Microsoft’s latest AI move sends all the wrong Signals — but is it just ‘enhancing journalism’?

Earlier this week it was announced that Microsoft is joining forces with media website Semafor to use ChatGPT to create news stories. Microsoft and Semafor state they’re only using AI to research breaking news stories, but that actual journalists will write original content based on that research. 

It’s hard to not at least question these claims given that Microsoft and its other partner Open AI, are already facing a lawsuit from the New York Times for using content from behind paywalls to train its AI chatbots. This latest venture seems like a blatant “we don’t care” aimed not only towards the NYT but also at journalists. 

What is Signals? 

According to Semafor co-founder and former Buzzfeed editor-in-chief Ben Smith, Semafor will create a newsfeed referred to as Signals for Microsoft, which Semafor has been paid a substantial sum to do. 

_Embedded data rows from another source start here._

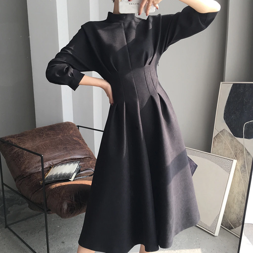 Осеннее Элегантное Черное женское платье средней длины с воротником-стойкой в Корейском стиле, элегантный пуловер с высокой талией, шикарные офисные женские платья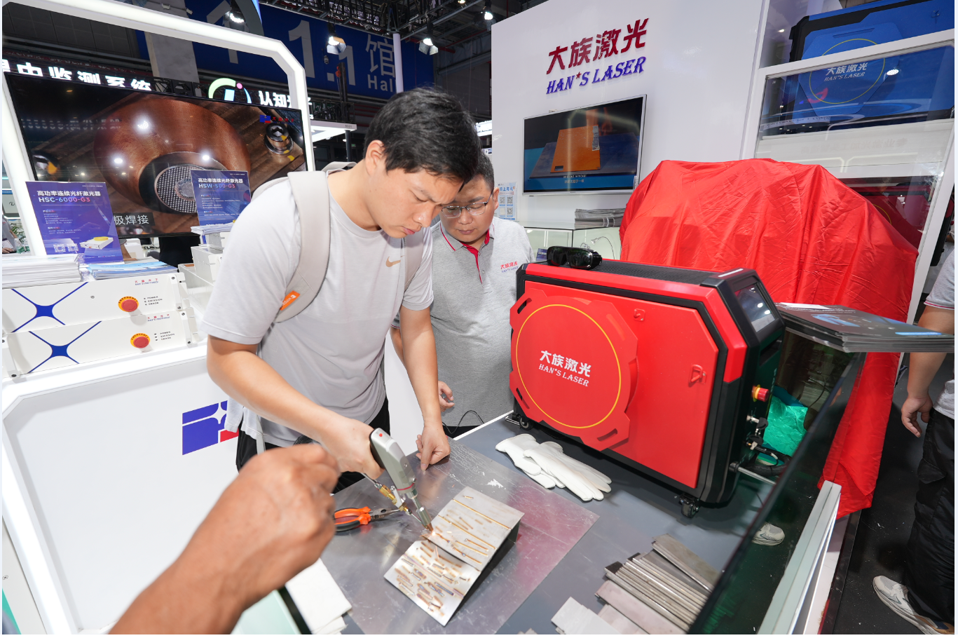 展會首日,大族鐳射“藍晶”系列雷射手持焊接一體機新品重磅發佈,以“老手藝,新幹法”為覈心理念,全面覆蓋從精密焊接至重工厚板的多元應用場景,重新定義手持鐳射的效能標杆,吸引了眾多行業觀眾及媒體關注。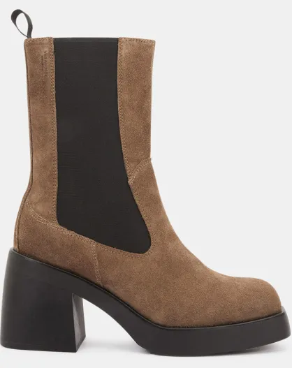 Chelsea Boots en Velours de Cuir beige foncé - Talon 9 cm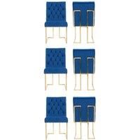 Enhance your dining or accent space with this tufted velvet dining chair, featuring soft velvet upholstery, plush foam cushioning, and a deep button-tufted backrest for timeless elegance and comfort. Built on a durable wooden frame with gold-finished rubberwood legs and a matching back handle for easy movement, this chair blends luxury and functionalityideal for modern, classic, or glam interiors. | Life Interiors Set of 6 Siena Luxury Tufted Velvet Dining Chairs with Gold Frame in Blue - Manufacturers part number: Life Interiors_5056660011790

The next part is a bit murky, “It will highlight breaking news and analysis, offering a dozen or so posts per day. All stories will be written entirely by journalists, with the AI effectively acting as a research tool.” 

That could be the absolute truth, but I’m sure even they would understand that it’s a bit hard to trust a company already being sued for mining content produced by legitimate journalists and arguing it was fair use.

The slippery slope to this tool simply turning into AI journalists writing stories and taking jobs just seems a little too obvious for me to want to set foot on it. Microsoft has also announced that it will be linking up with the Craig Newmark School of Journalism, the GroundTruth Project, the Online News Association, and other journalism organizations.

Why, who knows? Maybe to lend the appearance of journalistic integrity, but making a few partnerships doesn’t earn you the journalistic integrity badge and put you beyond reproach.

Expert Analysis

As a journalist, the AI infusion into our work can be triggering. So, I reached out to Leonard Lee, a respected industry analyst and tech industry advisor for Next Curve, to share his insight and give us a different, refreshing perspective. 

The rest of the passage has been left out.